守着宅子的李老叔是林府的老仆了,无子无女孑然一身,如今耳朵已经半聋做事也不那么利索了,准备的饭菜自然是卖相差劲,难以下咽。
是以灵犀特地要厨房做了些小孩儿喜爱的点心,端了过来,给徐望西改善改善伙食。
百香蜜糕、松花饼、油酥饺、猪油芙蓉酥,这些精致的茶点糕果从食盒之中端出来放在了小院之中的大理石小几上。
让灵犀颇为意外的是,徐望西嘴角勉强扯出来一丝笑容,口中说着感谢的话语,可是脸上却是看不见一丝的喜色。
“小西,快过来吃点吧,李老叔如今年老力衰,没有精力为你做些可口的饭菜,所以我特地给你做些爽口的吃食给你尝尝。

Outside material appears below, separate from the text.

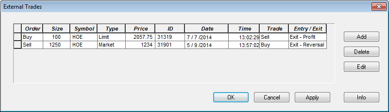 You can incorporate independent external positions into the active auto trade system by entering them on the External Trades window.
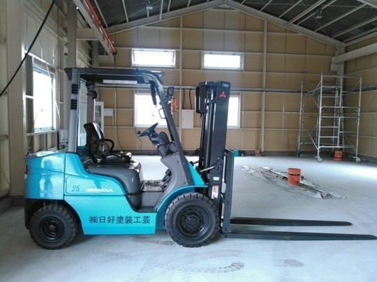 2.5トン三菱製ガソリンフォークリフトです。足場屋さんなので長爪1520mmがついています。お使いのフォークリフトが古くなったので代替で中古車を新たに購入して下さいました。使用中にエラーコードがでましたが、整備士がすぐに対応させて頂きました。

”
徐望西缓缓地伸过手想要拿一块百香蜜糕,可是手又立马缩回去了,只见他神色犹豫,眼瞳之中泛着一道道哀伤的水光。
徐望西沉吟了片刻,似乎酝酿了许久,然后轻声问道:“灵犀姐姐,我娘是不是已经死了?”
他的目中已蓄满了泪水,却是强忍着不落下,目光盈然。
灵犀和林时也对视一眼,二人目中皆有不忍,看着徐望西那隐忍悲恸的样子,灵犀却是不知如何开口与他说明真相。
“我知道,我知道我娘肯定死了。”见他们二人默然不语,徐望西心中最后的堤坝已经崩溃:“早上我听见附近卖菜的菜农在那里议论,说什么大理寺牢中审死了一名女犯人。”
徐望西就算再早熟懂事,也不过是一名十岁的孩童,只见他说完便再也抑制不住,哇哇大哭起来,眼泪鼻涕一起流下。
悲恸无比的哭声,无可奈何的孩童,灵犀也只觉得目中酸涩无比,转瞬之间双目也蒙上了一层淡淡的雾气。
林时也心中酸涩,把徐望西搂入怀中,任由徐望西肆意地哭着,转眼林时也腹部的锦缎便被濡湿了一块。
也不知哭泣了多久,徐望西哭到最后已音色沙哑,神色俱疲,竟然就这样趴在林时也的怀中睡着了。
待他把徐望西放进厢房安睡之后,便看见灵犀面色忧伤地坐在院中,林时也知晓她是为徐家母子心中难受,便立马绽放出戏谑的笑容说道:“我说二妹妹,今儿个你穿这套男装,远处看可真像个俊秀憨直的小厮啊。”
灵犀如今去三生堂出诊,经常身穿男式束衣,头绑玉牌,端的是俊美风华。因她是女儿身,总不好经常以女装抛头露面,所以便穿男装出诊。
说到这里,林时也本来嬉笑的脸色忽然凝固,混沌的脑海之中划过一道璀璨的光线,把一切黑暗污浊都划破。
蒙蔽在真相上的迷雾渐渐驱散开来,露出了本来血淋淋的真相,让人触目惊心。
“时也哥哥,怎么了?”见林时也异状,穆灵犀连忙上前问道。
神游的思绪渐渐回归,林时也抑制住心中窥见真相的狂跳,看着灵犀那清澈的眸子说道:“我想,我知道正阳殿案件的凶手是谁了。”